## Task goal
Pictures left aside, return the lines below exactly, from the one with "1. Gå til Salg" to the end, including both ends.

## Data extract
= Beginning of Section =
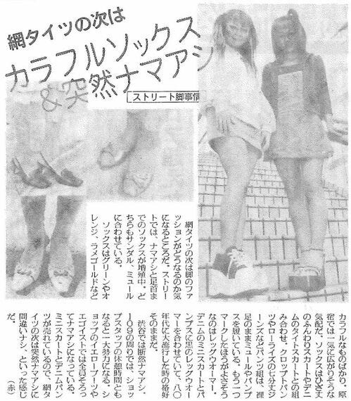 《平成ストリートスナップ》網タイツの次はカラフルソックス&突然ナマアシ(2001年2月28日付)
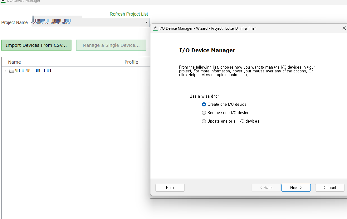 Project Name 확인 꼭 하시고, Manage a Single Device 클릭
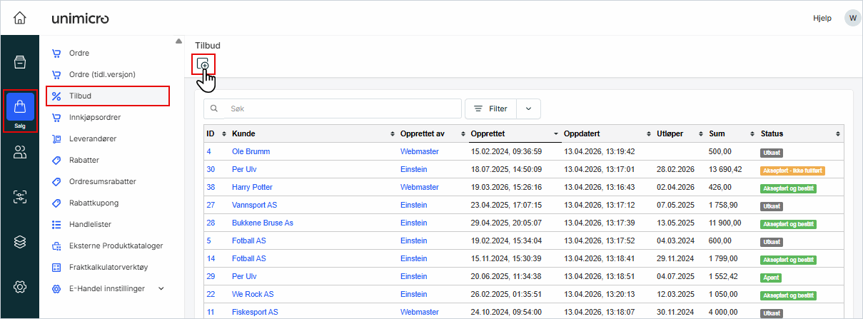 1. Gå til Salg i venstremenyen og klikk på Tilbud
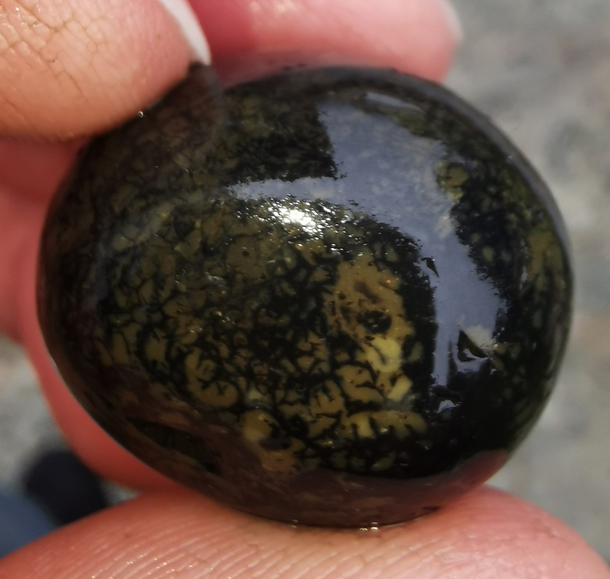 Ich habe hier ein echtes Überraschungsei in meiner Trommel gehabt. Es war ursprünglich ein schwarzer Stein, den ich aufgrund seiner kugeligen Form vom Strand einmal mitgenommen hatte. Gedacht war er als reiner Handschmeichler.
= End of Section =
## Solution
 1. Gå til Salg i venstremenyen og klikk på Tilbud
 Ich habe hier ein echtes Überraschungsei in meiner Trommel gehabt. Es war ursprünglich ein schwarzer Stein, den ich aufgrund seiner kugeligen Form vom Strand einmal mitgenommen hatte. Gedacht war er als reiner Handschmeichler.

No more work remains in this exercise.